The Practical Work of Readiness

The first move is to build your working relationship with AI before your employer decides to build it for you, not because your employer’s interest and your interest are necessarily aligned, but because the professional who arrives at an AI transition already fluent is negotiating from a fundamentally different position than one encountering the technology for the first time under pressure and on someone else’s timeline.

The second move is to audit your own Living Knowledge™ and begin making it legible on your own terms, in your own words, and for your own use, which is not the same thing as handing it over to an employer-directed documentation initiative. It is the difference between writing your intellectual property and donating it.
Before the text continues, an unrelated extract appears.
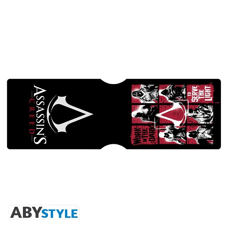 Este tarjetero de Assassin's Creed es el complemento perfecto para cualquier fan de la célebre saga de videojuegos. Presenta un diseño estilizado en color negro con el icónico logotipo de Assassin's Creed en un elegante tono blanco, acompañado por una llamativa cuadrícula de imágenes de varios asesinos de la serie en tonos rojos y blancos.

A professional who has named her own frameworks, articulated her own methodology, and built a body of thought that exists outside her employer’s walls has assets that travel with her regardless of what happens inside those walls, and that distinction becomes everything when the organizational landscape shifts without warning.

The worker who documents her own Living Knowledge™, for herself, is not feeding a machine. She is building a body of work.

If your employer is asking you to document your processes at a level of detail that would allow something to replicate them, that is a signal worth receiving clearly and without the softening that corporate communications tend to apply to it. The question worth sitting with is this: what is the portion of my professional value that lives in the process, and what is the portion that lives in me, in my judgment, my relationships, my ability to read a room and adapt when the documented path stops working?

The answer, for anyone who has been doing meaningful work for any length of time, is that the most valuable portion is your Living Knowledge™, and the process is only the scaffold that makes it visible. The judgment, the relationships, the contextual intelligence, the ability to adapt when the process breaks: none of that is fully capturable by a documentation initiative, not yet, and possibly not ever.

The companies that fired first are already learning this the hard way, and the universe, it turns out, did conspire in your favor. It just did it quietly, through the math. The methodology for auditing, protecting, and activating your Living Knowledge™ is the foundation of the PRONOIA framework, developed by InclusAI, because the workers who will navigate this moment are not the ones who waited to be ready. They are the ones who already knew what they carried.